TASK: Given the records below, would you repeat exactly the lines that begin at the one containing "凤凰花开,骊歌渐起。6月25" and end at the one containing "Le fraisier est", inclusive?

DATA TO USE:
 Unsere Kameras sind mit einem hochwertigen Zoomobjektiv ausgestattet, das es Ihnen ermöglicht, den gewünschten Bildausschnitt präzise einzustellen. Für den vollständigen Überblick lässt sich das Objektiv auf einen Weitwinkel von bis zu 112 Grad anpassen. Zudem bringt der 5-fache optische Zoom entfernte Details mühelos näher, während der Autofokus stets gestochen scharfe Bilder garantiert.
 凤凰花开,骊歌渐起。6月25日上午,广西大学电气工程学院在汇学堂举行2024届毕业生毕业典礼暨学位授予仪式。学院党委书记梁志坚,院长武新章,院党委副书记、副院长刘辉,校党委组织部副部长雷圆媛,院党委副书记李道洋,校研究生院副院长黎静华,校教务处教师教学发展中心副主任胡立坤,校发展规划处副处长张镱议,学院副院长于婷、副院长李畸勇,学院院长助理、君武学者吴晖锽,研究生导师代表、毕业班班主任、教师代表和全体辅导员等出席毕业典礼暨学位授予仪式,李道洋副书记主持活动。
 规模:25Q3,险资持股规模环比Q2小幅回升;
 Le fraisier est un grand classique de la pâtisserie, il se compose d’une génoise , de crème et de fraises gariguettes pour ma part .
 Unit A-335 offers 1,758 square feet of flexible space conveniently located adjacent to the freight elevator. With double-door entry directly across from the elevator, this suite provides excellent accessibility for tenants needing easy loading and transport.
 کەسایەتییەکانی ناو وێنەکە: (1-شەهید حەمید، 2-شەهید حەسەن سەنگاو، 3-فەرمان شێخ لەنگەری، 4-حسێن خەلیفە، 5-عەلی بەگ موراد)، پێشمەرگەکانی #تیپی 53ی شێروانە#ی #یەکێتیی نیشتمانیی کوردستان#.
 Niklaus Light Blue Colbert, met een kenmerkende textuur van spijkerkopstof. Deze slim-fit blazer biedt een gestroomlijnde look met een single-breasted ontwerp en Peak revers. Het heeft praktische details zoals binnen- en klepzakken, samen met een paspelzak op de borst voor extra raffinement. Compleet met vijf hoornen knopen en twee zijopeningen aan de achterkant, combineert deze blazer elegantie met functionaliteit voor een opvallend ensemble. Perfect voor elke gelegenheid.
...
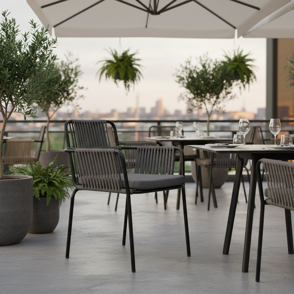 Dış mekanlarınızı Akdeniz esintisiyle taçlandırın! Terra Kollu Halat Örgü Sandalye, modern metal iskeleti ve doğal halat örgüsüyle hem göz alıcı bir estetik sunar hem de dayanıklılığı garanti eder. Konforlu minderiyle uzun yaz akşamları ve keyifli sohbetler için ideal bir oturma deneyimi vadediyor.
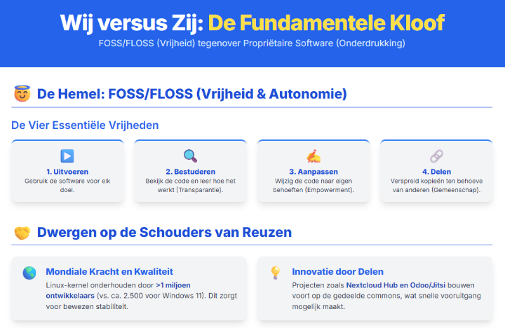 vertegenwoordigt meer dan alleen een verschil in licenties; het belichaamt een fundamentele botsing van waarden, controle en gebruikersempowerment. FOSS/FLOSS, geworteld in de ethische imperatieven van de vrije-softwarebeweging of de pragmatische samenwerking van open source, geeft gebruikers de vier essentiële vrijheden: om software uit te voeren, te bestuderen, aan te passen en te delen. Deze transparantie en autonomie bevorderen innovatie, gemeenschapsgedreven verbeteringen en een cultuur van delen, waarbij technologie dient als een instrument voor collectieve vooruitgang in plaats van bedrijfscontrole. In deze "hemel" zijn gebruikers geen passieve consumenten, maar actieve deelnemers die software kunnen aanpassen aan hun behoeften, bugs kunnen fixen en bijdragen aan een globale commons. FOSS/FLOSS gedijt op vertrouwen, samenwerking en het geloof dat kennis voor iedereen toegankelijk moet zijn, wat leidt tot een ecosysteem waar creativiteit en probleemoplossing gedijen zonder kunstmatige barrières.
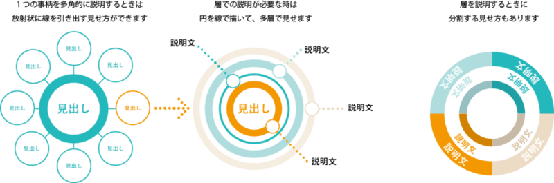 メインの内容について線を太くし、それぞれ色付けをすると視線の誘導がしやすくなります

ANSWER AREA:
 凤凰花开,骊歌渐起。6月25日上午,广西大学电气工程学院在汇学堂举行2024届毕业生毕业典礼暨学位授予仪式。学院党委书记梁志坚,院长武新章,院党委副书记、副院长刘辉,校党委组织部副部长雷圆媛,院党委副书记李道洋,校研究生院副院长黎静华,校教务处教师教学发展中心副主任胡立坤,校发展规划处副处长张镱议,学院副院长于婷、副院长李畸勇,学院院长助理、君武学者吴晖锽,研究生导师代表、毕业班班主任、教师代表和全体辅导员等出席毕业典礼暨学位授予仪式,李道洋副书记主持活动。
 规模:25Q3,险资持股规模环比Q2小幅回升;
 Le fraisier est un grand classique de la pâtisserie, il se compose d’une génoise , de crème et de fraises gariguettes pour ma part .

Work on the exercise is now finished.